STT-tensorflow/tensorflow/lite/schema/schema.fbs

// Copyright 2017 The TensorFlow Authors. All Rights Reserved.
//
// Licensed under the Apache License, Version 2.0 (the "License");
// you may not use this file except in compliance with the License.
// You may obtain a copy of the License at
//
//     http://www.apache.org/licenses/LICENSE-2.0
//
// Unless required by applicable law or agreed to in writing, software
// distributed under the License is distributed on an "AS IS" BASIS,
// WITHOUT WARRANTIES OR CONDITIONS OF ANY KIND, either express or implied.
// See the License for the specific language governing permissions and
// limitations under the License.

// Revision History
// Version 0: Initial version.
// Version 1: Add subgraphs to schema.
// Version 2: Rename operators to conform to NN API.
// Version 3: Move buffer data from Model.Subgraph.Tensors to Model.Buffers.

namespace tflite;

// This corresponds to the version.
file_identifier "TFL3";
// File extension of any written files.
file_extension "tflite";

// IMPORTANT: All new members of tables, enums and unions must be added at the
// end to ensure backwards compatibility.

// The type of data stored in a tensor.
enum TensorType : byte {
  FLOAT32 = 0,
  FLOAT16 = 1,
  INT32 = 2,
  UINT8 = 3,
  INT64 = 4,
  STRING = 5,
  BOOL = 6,
  INT16 = 7,
  COMPLEX64 = 8,
  INT8 = 9,
}

// Custom quantization parameters for experimenting with new quantization
// techniques.
table CustomQuantization {
  custom:[byte];
}

// Represents a specific quantization technique's parameters.
union QuantizationDetails {
  CustomQuantization,
}

// Parameters for converting a quantized tensor back to float.
table QuantizationParameters {
  // These four parameters are the asymmetric linear quantization parameters.
  // Given a quantized value q, the corresponding float value f should be:
  //   f = scale * (q - zero_point)
  // For other quantization types, the QuantizationDetails below is used.
  min:[float];  // For importing back into tensorflow.
  max:[float];  // For importing back into tensorflow.
  scale:[float];  // For dequantizing the tensor's values.
  zero_point:[long];

  // If this is not none, the quantization parameters above are ignored and the
  // value of the QuantizationDetails union below should be used.
  details:QuantizationDetails;
}

table Tensor {
  // The tensor shape.
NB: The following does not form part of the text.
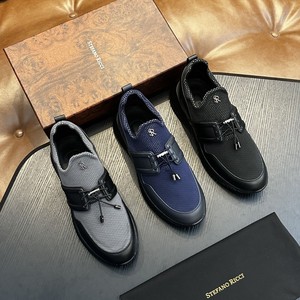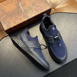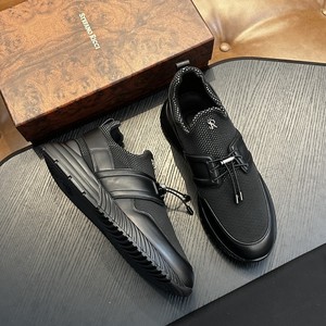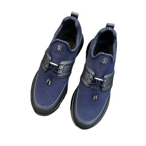 跨境高端科技面料和小牛皮革男士系带运动鞋针织网布透气跑步鞋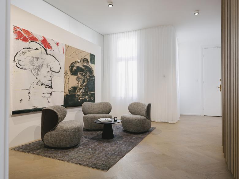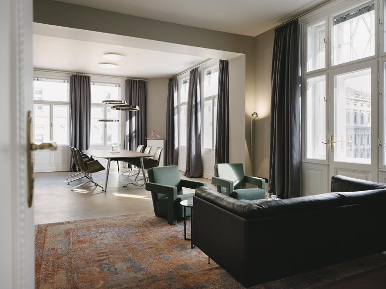 The fully refurbished office in Vienna's 7th district can be described as the opposite of a generic office. An unrenovated old building was transformed into a unique space for successful, individualistic lawyers and real estate developers. What sets this space apart are not just the elegant features of a professional office, but the personalized feel-good elements used to generate pleasure. In addition to usability, seriosity and design, art and music also play a central role. Professionalism and passion are combined here.

The meaning of each entry is operator-specific but
  // builtin ops use: [batch size, height, width, number of channels] (That's
  // Tensorflow's NHWC).
  shape:[int];
  type:TensorType;
  // An index that refers to the buffers table at the root of the model. Or,
  // if there is no data buffer associated (i.e. intermediate results), then
  // this is 0 (which refers to an always existent empty buffer).
  //
  // The data_buffer itself is an opaque container, with the assumption that the
  // target device is little-endian. In addition, all builtin operators assume
  // the memory is ordered such that if `shape` is [4, 3, 2], then index
  // [i, j, k] maps to data_buffer[i*3*2 + j*2 + k].
  buffer:uint;
  name:string;  // For debugging and importing back into tensorflow.
  quantization:QuantizationParameters;  // Optional.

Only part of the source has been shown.